Michael Thomas
Man Gone Down
For Michaele—
My wife, my love, my life: the one. Everything is for you.
We proclaim love our salvation. .
— Marvin Gaye
I. The Loser
If you came at night like a broken king.
— T. S. Eliot, “Little Gidding” I
1
I know I’m not doing well. I have an emotional relationship with a fish — Thomas Strawberry. My oldest son, C, named him, and that name was given weight because a six-year-old voiced it as though he’d had an epiphany: “He looks like a strawberry. ” The three adults in the room had nodded in agreement.
“I only gave you one,” his godfather, Jack, the marine biologist, told him. “If you have more than one, they kill each other. ” Jack laughed. He doesn’t have kids. He doesn’t know that one’s not supposed to speak of death in front of them and cackle. One speaks of death in hushed, sober tones — the way one speaks of alcoholism, race, or secret bubble gum a younger sibling can’t have. Jack figured it out on some level from the way both C and X looked at him blankly and then stared into the small aquarium, perhaps envisioning a battle royal between a bowlful of savage little fish, or the empty space left behind. We left the boys in their bedroom and took the baby with us. “They don’t live very long,” he whispered to us. “About six weeks. ” That was C’s birthday in February. It’s August, and he’s not dead.
He’s with me on the desk, next to my stack of books and legal pads. I left my laptop at my mother-in-law’s for C to use. She’d raised an eyebrow as I started to the door.
Allegedly, my magnum opus was on that hard drive — the book that would launch my career and provide me with the financial independence she desired. “
I write better if the first draft is longhand. ” She hadn’t believed me. It had been a Christmas gift from Claire. I remember opening it and being genuinely surprised. All three children had stopped to see what was in the box.

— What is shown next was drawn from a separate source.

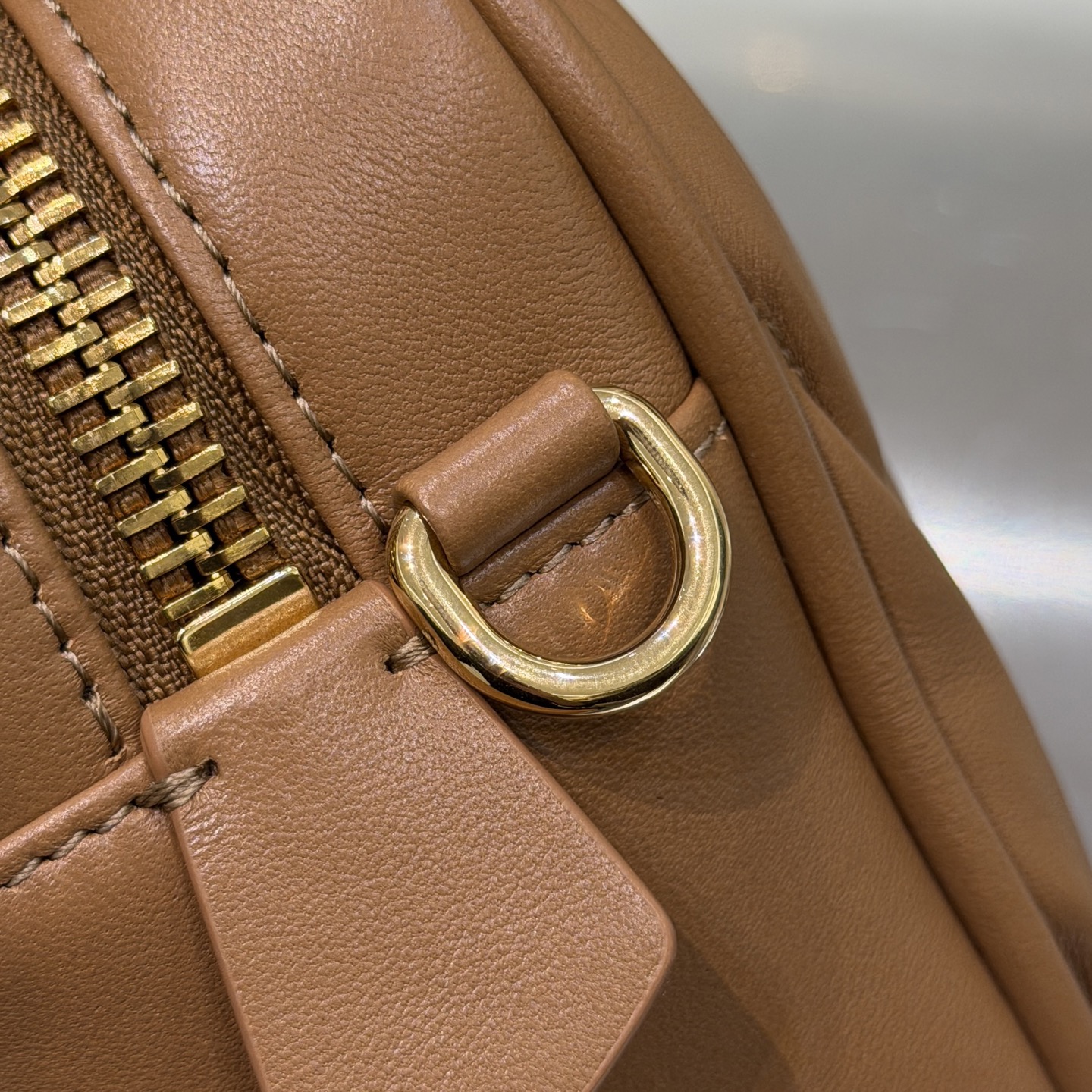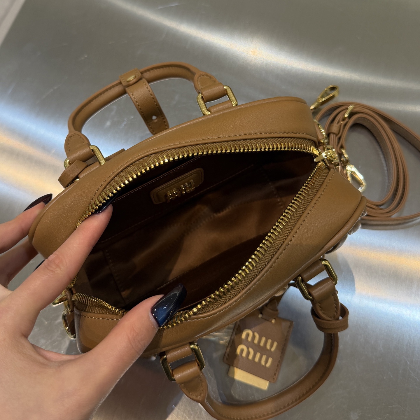 Сумка закрывается на верхнюю молнию, обеспечивая безопасность и сохранность содержимого. Двойные скруглённые ручки позволяют носить модель в руках или на сгибе локтя, а съёмный регулируемый плечевой ремень даёт возможность носить её через плечо или кроссбоди. На передней части виден декоративный кожаный брелок/бирка с фирменной перфорацией — утончённая деталь, подчёркивающая премиальность изделия.

“Merry Christmas, honey,” she’d cooed in my ear. She then took me by the chin and gently turned my face to meet hers. “This is your year. ” She kissed me — too long — and the children, in unison, looked away. The computer was sleek and gray and brimming with the potential to organize my thoughts, my work, my time. It would help extract that last portion of whatever it was that I was working on and buff it with the requisite polish to make it salable. “This is our year. ” Her eyes looked glazed, as though she had been intoxicated by the machine’s power, the early hour, and the spirit of the season. It had been bought, I was sure, with her mother’s money. And I knew Edith had never believed me to have any literary talent, but she’d wanted to make her daughter feel supported and loved — although she probably had expected it to end like this. C had seemed happy when I left, though, sitting on the floor with his legs stretched under the coffee table, the glow from the screen washing out his copper skin.
“Bye, C. ”
“By-ye. ” He’d made it two syllables. He hadn’t looked up.
Marco walks up the stairs and stops outside his kid’s study, where I’m working. He knocks on the door. I don’t know whether to be thankful or annoyed, but the door’s open and it’s his house. I try to be as friendly as I can.